- STUDY MATERIAL
☆ ☆ ☆

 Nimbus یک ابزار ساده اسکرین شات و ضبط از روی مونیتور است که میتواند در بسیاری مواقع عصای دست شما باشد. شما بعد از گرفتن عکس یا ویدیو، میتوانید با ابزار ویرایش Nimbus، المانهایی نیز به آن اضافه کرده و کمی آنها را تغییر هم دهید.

☆ ☆ ☆

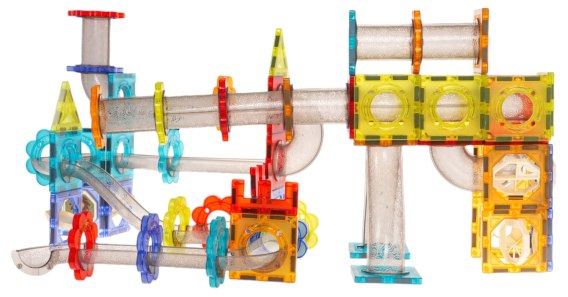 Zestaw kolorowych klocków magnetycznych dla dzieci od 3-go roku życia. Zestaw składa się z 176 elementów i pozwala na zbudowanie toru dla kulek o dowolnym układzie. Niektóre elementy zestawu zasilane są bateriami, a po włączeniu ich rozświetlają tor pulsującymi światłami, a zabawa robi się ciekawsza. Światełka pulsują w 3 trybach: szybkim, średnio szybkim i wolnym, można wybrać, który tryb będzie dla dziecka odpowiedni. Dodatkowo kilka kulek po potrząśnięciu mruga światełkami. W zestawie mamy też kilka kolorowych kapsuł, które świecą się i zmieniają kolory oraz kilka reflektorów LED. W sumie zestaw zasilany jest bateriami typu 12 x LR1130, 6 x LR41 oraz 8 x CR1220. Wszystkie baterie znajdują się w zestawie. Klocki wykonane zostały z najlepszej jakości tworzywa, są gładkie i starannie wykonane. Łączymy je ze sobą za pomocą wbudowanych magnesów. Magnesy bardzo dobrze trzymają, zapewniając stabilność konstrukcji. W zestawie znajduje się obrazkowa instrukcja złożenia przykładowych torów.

☆ ☆ ☆

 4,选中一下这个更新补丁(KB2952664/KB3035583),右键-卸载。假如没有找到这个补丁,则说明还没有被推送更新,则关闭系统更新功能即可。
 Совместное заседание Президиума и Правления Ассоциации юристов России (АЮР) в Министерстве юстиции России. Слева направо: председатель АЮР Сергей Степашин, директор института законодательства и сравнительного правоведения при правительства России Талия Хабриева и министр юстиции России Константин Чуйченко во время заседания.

☆ ☆ ☆

- ABOUT THIS TASK
Retype, exactly and in full, the lines above from the one containing "4,选中一下这个更新补丁(K" through the one containing "Совместное заседание Президиума".

- RESPONSE FOR THIS EXERCISE
 4,选中一下这个更新补丁(KB2952664/KB3035583),右键-卸载。假如没有找到这个补丁,则说明还没有被推送更新,则关闭系统更新功能即可。
 Совместное заседание Президиума и Правления Ассоциации юристов России (АЮР) в Министерстве юстиции России. Слева направо: председатель АЮР Сергей Степашин, директор института законодательства и сравнительного правоведения при правительства России Талия Хабриева и министр юстиции России Константин Чуйченко во время заседания.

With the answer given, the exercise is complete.